I wonder what I could do? Ah, surround myself in the worst thoughts possible realizing how lonely I am and how much it's draining me mentally and physically is going to be the best thing I could do!

Though jokes aside, I really, really need someone to talk to. It's just been getting worse and worse every hour and I feel like my skin is being pulled off. It hurts so badly but I can't even tell anyone. The only person that seems to listen to anything I say is Madeline. Which hurts because I don't even know him that well anymore.

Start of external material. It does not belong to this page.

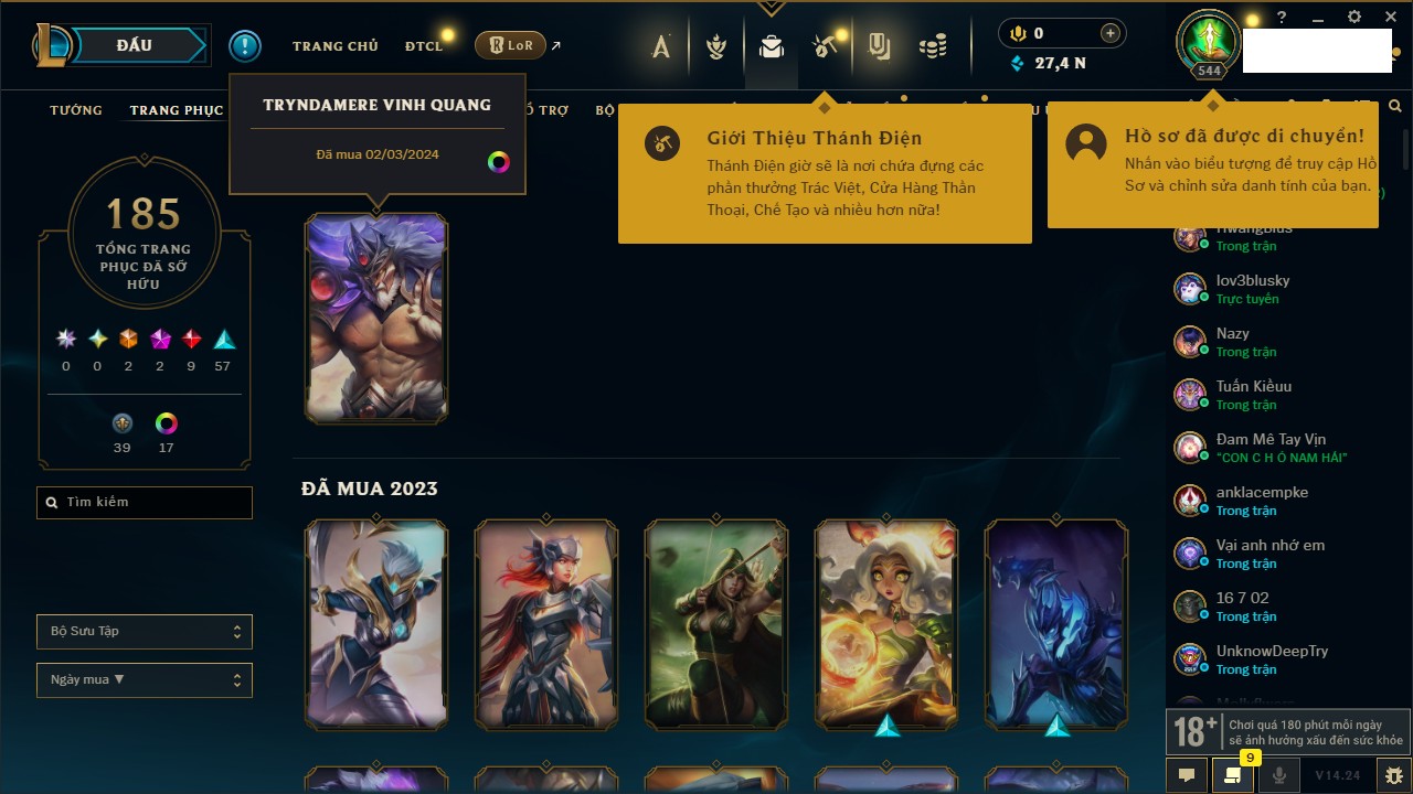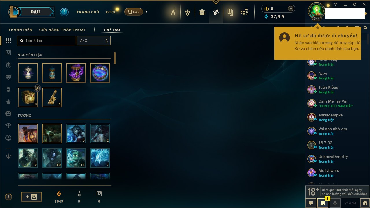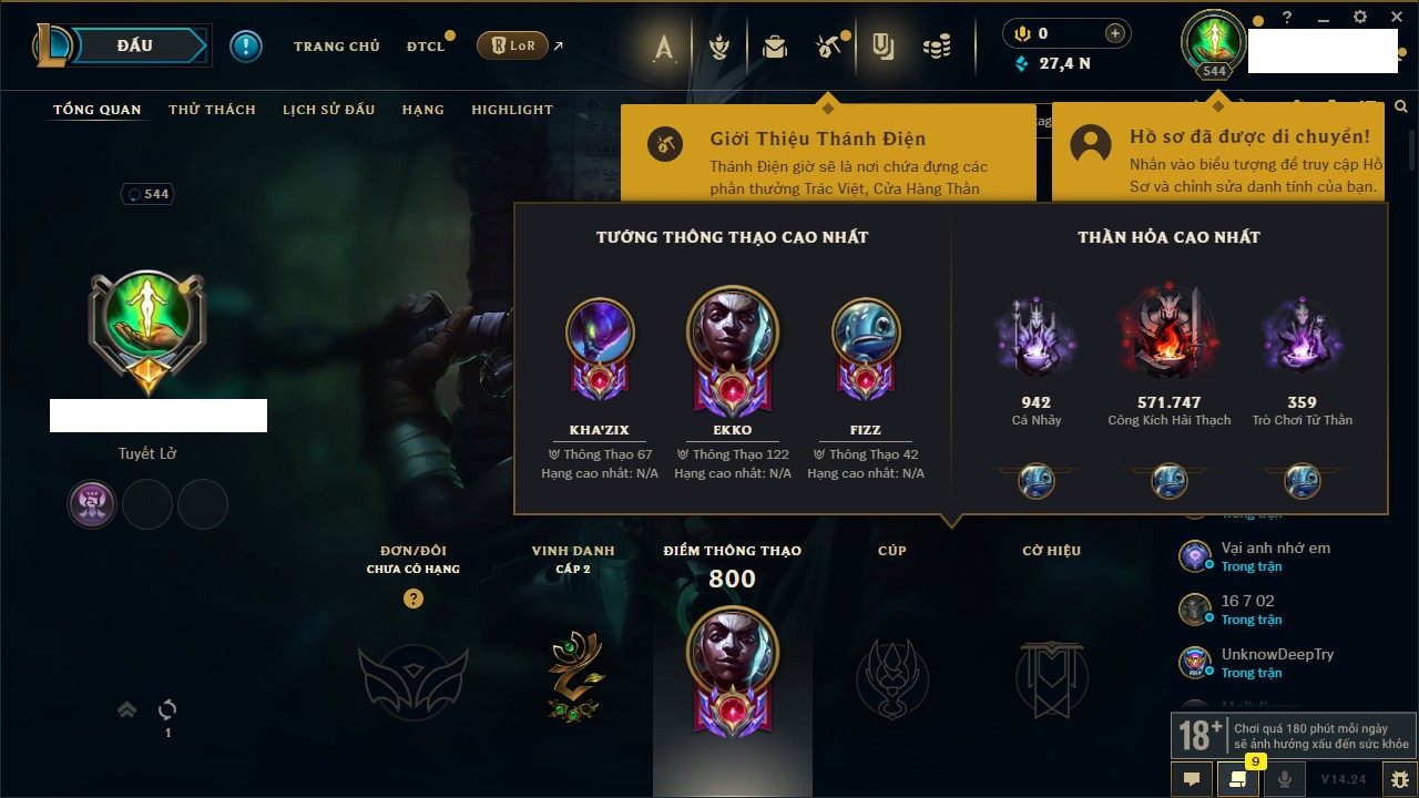 Rank Đơn: Vàng IIIKhung: BạcTướng: 171 - Còn 101359 THXTrang Phục: 88Rank ĐTCL: Kim Cương IVLinh Thú: 200

I can barely remember what we used to do back then. We used to be great friends back in 1st-7th grade. Though Madeline started making new friends, leaving me behind. We were slowly getting farther from each other before that time, but it still hurt. He just stopped talking to me. What can I really do about it?

Now he wants to talk all these years later. Why does everyone come back after I finally get over them?! I know you only want me as some excuse or random who you can just throw everything at. That's why I don't bother making friends anymore.

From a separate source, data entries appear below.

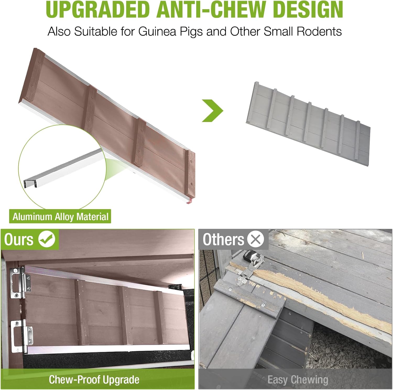 - Reinforced Chew-Proof Design: The access ramp features aluminum alloy-reinforced edges to discourage chewing by rabbits and other small pets, enhancing the rabbit hutch’s long-term durability. This sturdy design protects against wear and tear, ensuring lasting use
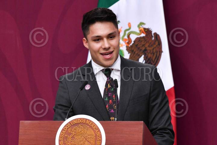 CIUDAD DE MÉXICO, 27NOVIEMBRE2024.- Osmar Olvera, clavadista olímpico, durante su discurso luego de recibir el Premio Nacional de Deportes por parte del gobierno federal, evento realizado en Palacio Nacional. FOTO: MARIO JASSO/CUARTOSCURO.COM
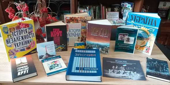 До Дня пам'яті героїв Крут В бібліотеці розкрито книжкову виставку "Крути - наш біль, наша історія і слава" та підготовлено огляд літератури "Обірвали Крути їх стрімкий політ".
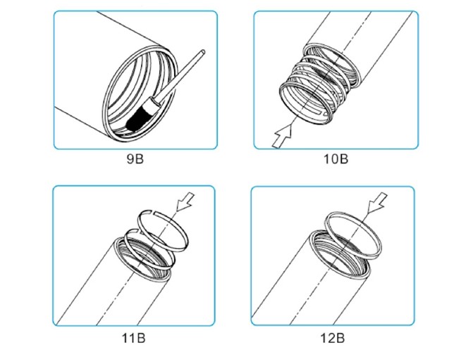 裝好一個缸筒后,將缸筒繼續向前推并將卡簧裝入上一節缸筒內壁上對應的卡簧
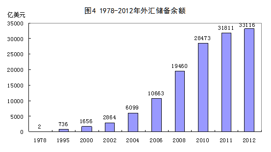 外匯儲備大幅增長,實現從外匯短缺國到世界第一外匯儲備大國的巨大轉變。1978年,我國外匯儲備僅1.67億美元,位居世界第38位,人均只有0.17美元,折合成人民幣不足1塊錢。隨著我國對外經濟的發展壯大,經常項目貿易盈余不斷積累,外匯儲備的短缺迅速成為歷史,1990年外匯儲備超過百億美元,達到111億美元,1996年超過千億美元,達到1050億美元,2006年超過1萬億美元,達到10663億美元,超過日本位居世界第一位,2011年超過3萬億美元,2012年達到33116億美元,連續七年穩居世界第一位。

Mostly because I don't want to feel what's it's like to be forgotten again. I don't want to feel ignored again. Though no matter how much I try and avoid it, Latte is doing me a favor and bringing it all back. Reminding me how much I hated this feeling at the time.

I got back to the house and was about to go inside, but I walked off the porch. I decided that if I have nothing to do, then I can just take a walk. That's what I did, I guess it was a nice day.

Though as I was walking, I heard Madeline call out my name. I sighed and turned around.

"Heyy Espresso! I didn't think Id see you out here since your usually inside!" He put a hand on my shoulder.

There's the person who made me start to see one my insecurities again!.. Which is totally just great. I didn't reply to what he said, mostly because he was mentioning that I always stay inside making me feel as if I should go outside more often.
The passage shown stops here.